Pictures are to be left out; otherwise, copy exactly the lines from the line containing "Pan Piotr zrelacjonował" through the end of the data.

**Supplied data:**
* * *

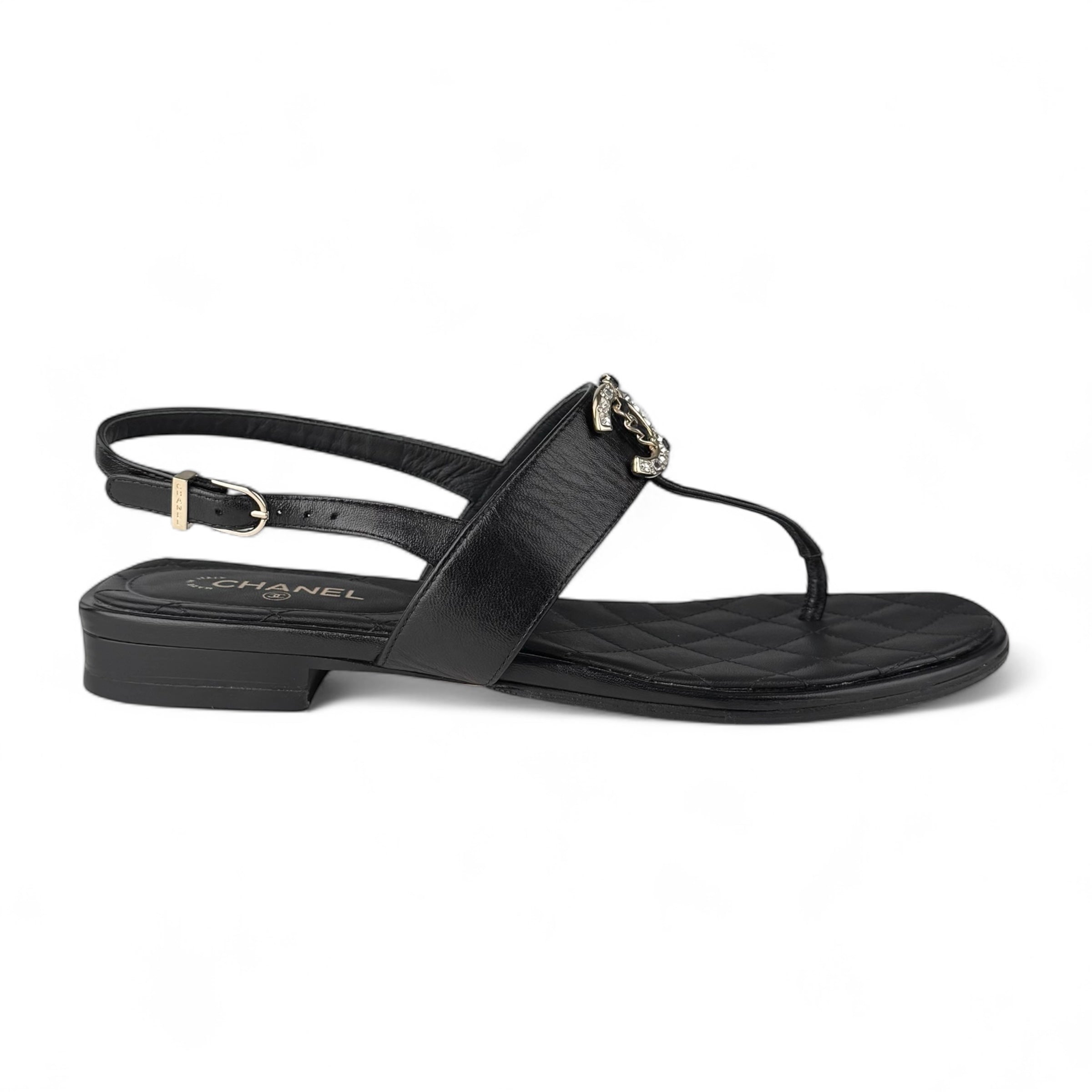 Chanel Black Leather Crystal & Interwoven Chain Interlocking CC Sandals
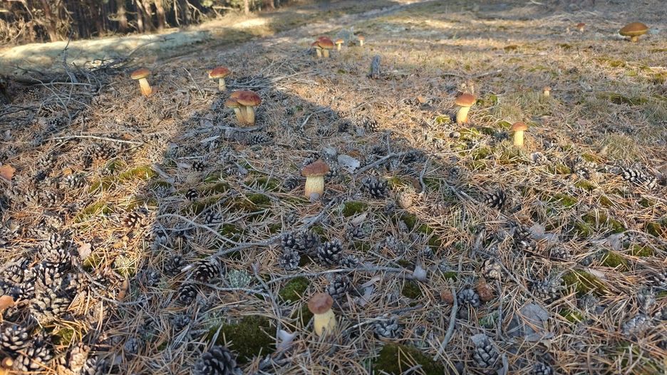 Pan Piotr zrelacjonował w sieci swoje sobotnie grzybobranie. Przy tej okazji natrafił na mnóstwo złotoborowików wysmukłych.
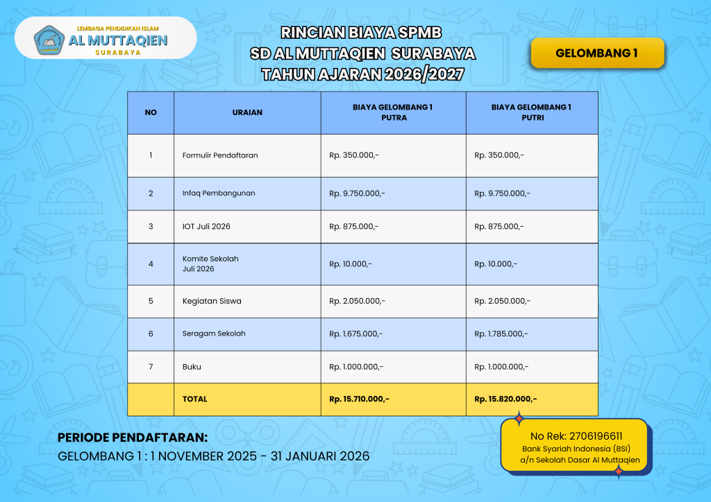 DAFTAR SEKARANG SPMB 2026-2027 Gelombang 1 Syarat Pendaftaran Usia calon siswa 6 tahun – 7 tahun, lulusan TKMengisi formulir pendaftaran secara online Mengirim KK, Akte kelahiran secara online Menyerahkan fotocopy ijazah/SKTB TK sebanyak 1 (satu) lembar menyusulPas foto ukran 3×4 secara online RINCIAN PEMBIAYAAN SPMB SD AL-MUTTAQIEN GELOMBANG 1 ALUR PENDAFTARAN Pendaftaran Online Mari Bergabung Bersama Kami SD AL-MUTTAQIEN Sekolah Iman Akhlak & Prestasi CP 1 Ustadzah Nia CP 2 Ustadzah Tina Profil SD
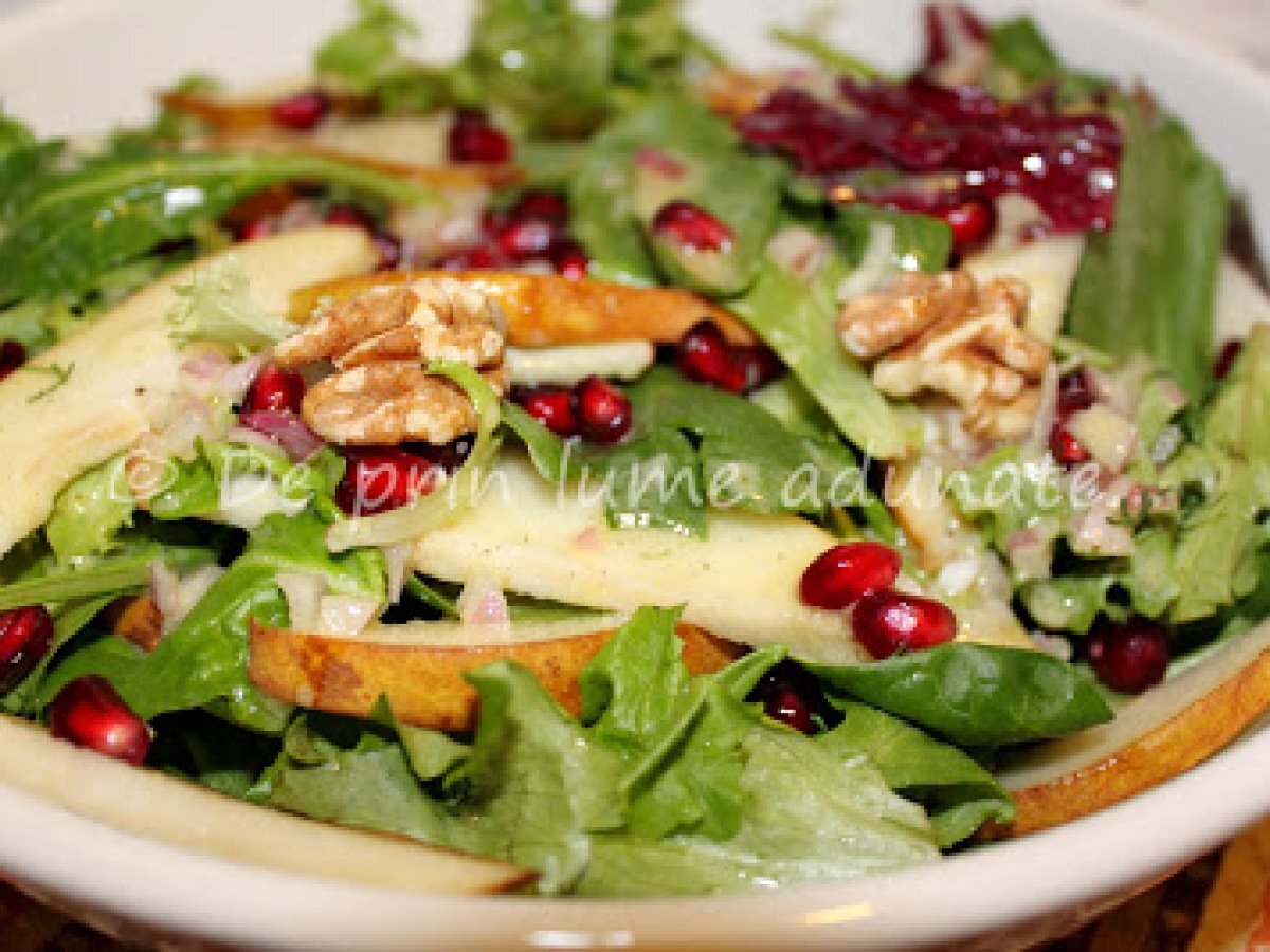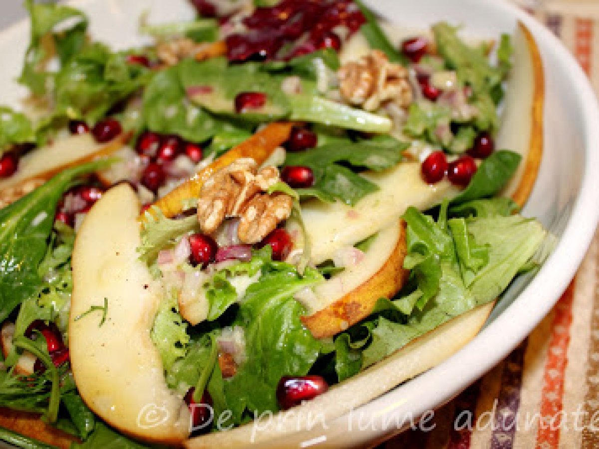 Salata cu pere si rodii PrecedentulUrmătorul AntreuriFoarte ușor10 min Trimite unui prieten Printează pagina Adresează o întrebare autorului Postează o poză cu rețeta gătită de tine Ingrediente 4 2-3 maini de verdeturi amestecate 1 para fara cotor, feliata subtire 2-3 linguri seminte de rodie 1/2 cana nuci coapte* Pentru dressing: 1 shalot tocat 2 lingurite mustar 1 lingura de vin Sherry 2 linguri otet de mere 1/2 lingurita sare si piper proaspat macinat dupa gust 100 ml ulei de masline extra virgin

* * *

**Answer to the problem:**
 Pan Piotr zrelacjonował w sieci swoje sobotnie grzybobranie. Przy tej okazji natrafił na mnóstwo złotoborowików wysmukłych.
 DAFTAR SEKARANG SPMB 2026-2027 Gelombang 1 Syarat Pendaftaran Usia calon siswa 6 tahun – 7 tahun, lulusan TKMengisi formulir pendaftaran secara online Mengirim KK, Akte kelahiran secara online Menyerahkan fotocopy ijazah/SKTB TK sebanyak 1 (satu) lembar menyusulPas foto ukran 3×4 secara online RINCIAN PEMBIAYAAN SPMB SD AL-MUTTAQIEN GELOMBANG 1 ALUR PENDAFTARAN Pendaftaran Online Mari Bergabung Bersama Kami SD AL-MUTTAQIEN Sekolah Iman Akhlak & Prestasi CP 1 Ustadzah Nia CP 2 Ustadzah Tina Profil SD
 Salata cu pere si rodii PrecedentulUrmătorul AntreuriFoarte ușor10 min Trimite unui prieten Printează pagina Adresează o întrebare autorului Postează o poză cu rețeta gătită de tine Ingrediente 4 2-3 maini de verdeturi amestecate 1 para fara cotor, feliata subtire 2-3 linguri seminte de rodie 1/2 cana nuci coapte* Pentru dressing: 1 shalot tocat 2 lingurite mustar 1 lingura de vin Sherry 2 linguri otet de mere 1/2 lingurita sare si piper proaspat macinat dupa gust 100 ml ulei de masline extra virgin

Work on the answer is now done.